The Bond scientists in Holland had fully persevered in their craftily laid programme. After having succeeded in producing race hatred between Boer and English, the next step had been to convince the Boer leaders and the people of the inevitableness of a contest for ensuring the supremacy of the Afrikaners, coupled with the absolute necessity of the complete expulsion of the entire British element. As arguments were adduced that the British element had proved itself unassimilable and irreconcilable, its retention in South Africa would necessitate continuous provisions to keep it in a state of subjection. The existence of such conditions would be inconsistent and incompatible with the true ideal liberty as intended for the whole of South Africa, and which must be linked with all-round equality and fraternity. The presence of a British factor would be an unsurmountable bar to that consummation, hence the necessity of its total removal.

The Bond leaders are the next in guilt; with these the incentive is principally ambition, which, by degrees, became mis-shaped into a specious patriotism. It is known how an ardently desired object pursued for a long period is apt to so monopolize and infatuate the mind as to totally vitiate and pervert the sense of discernment between right and wrong, both as to the legitimacy of the object and the means to be employed for its attainment. As the realization remains deferred and the efforts are increased, the object from being considered legitimate is by degrees invested with merit, a halo of virtue is added to the aspect, its pursuit is viewed as a duty by fair or by questionable means, the end justifying the latter. All, it is said, is fair in love and warfare. This diagnosis appears particularly applicable to President Krüger and State Secretary F.W. Reitz, both men of sincere piety (perhaps also to Mr. Schreiner), who would have abandoned their project and renounced and repudiated the Afrikaner Bond if ever they had doubted its legitimacy of principle. So also with most of the other Boer leaders and their clergy too. The agencies must have been exceedingly subtle, and the jugglery and artifice superhuman, to operate such processes of reasoning, such deception and aberration in honest-minded and even godly persons.
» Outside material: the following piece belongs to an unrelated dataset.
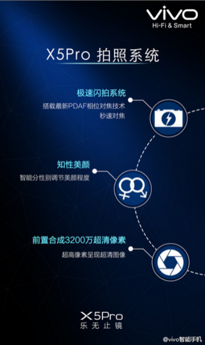 至於另一張宣傳圖片則講述 X5Pro 的拍攝細節。根據資料顯示,該款新手機的前置鏡頭將可以合成出高達 3,200 萬像素的影像,而有關技術現時已經在 Oppo Find 7 的後置鏡頭上出現,不過 X5Pro 則應用在自拍鏡頭上。此外,X5Pro 的拍攝系統同時還具備美顏及極速對焦的閃拍功能,而後置鏡頭方面則會有相位偵測自動對焦功能。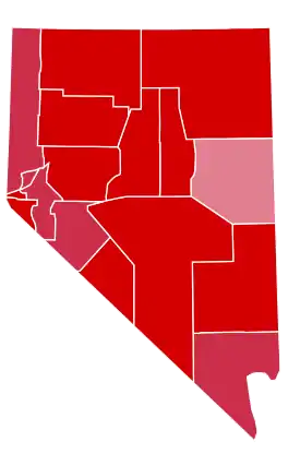 Reagan won Nevada by a resounding landslide margin of 34%. His vote share of 65.9% made it his tenth-best state nationally, and was the highest vote share any nominee of either party had won in the Silver State since 1936. The Mountain West as a whole had begun trending Republican in 1952,[14] but Nevada remained more competitive than other states in the region through the 1960s and 1970s, being one of two states in the region (along with New Mexico) to vote for Kennedy in 1960, giving Nixon a plurality in 1968, and voting for Ford by just 4.4% in 1976. A dramatic shift came with Reagan's candidacy, however, as, in 1980, Nevada gave Reagan nearly as high a vote share as it had given Nixon in his 1972 landslide. Reagan improved his vote share still further in 1984. He carried every county in the state, including the largest county, Clark County (home to Las Vegas), which had typically voted Democratic from its founding in 1909 through 1976. Not only did he carry Clark, but he got a higher vote share in it than he did nationally, becoming the first nominee of either party to crack 60% in the county since 1964. He also won over two-thirds of the vote in the state's second population center, more typically Republican Washoe County (Reno). Only in rural and sparsely-settled White Pine County did Reagan fall below 60%, and even here he won by double digits. In eleven counties (including the state's third-largest county equivalent, Carson City), Reagan broke 70%.

As to the bulk of the Boer people, they are simply led by their chiefs and superiors, in whom they repose unquestioning confidence. They go unreasoningly with the stream of opinion under the firm belief that all is divinely sanctioned, including rebellion and violence, and blindly obey their call, considering their cause analogous to that of the Jews of old, who were enjoined to spoil the Egyptians and then to pass over and conquer their land of promise. No papal bull of indulgence ever freed people's consciences more than the Boer people now feel in regard to the warfare in which they are engaged.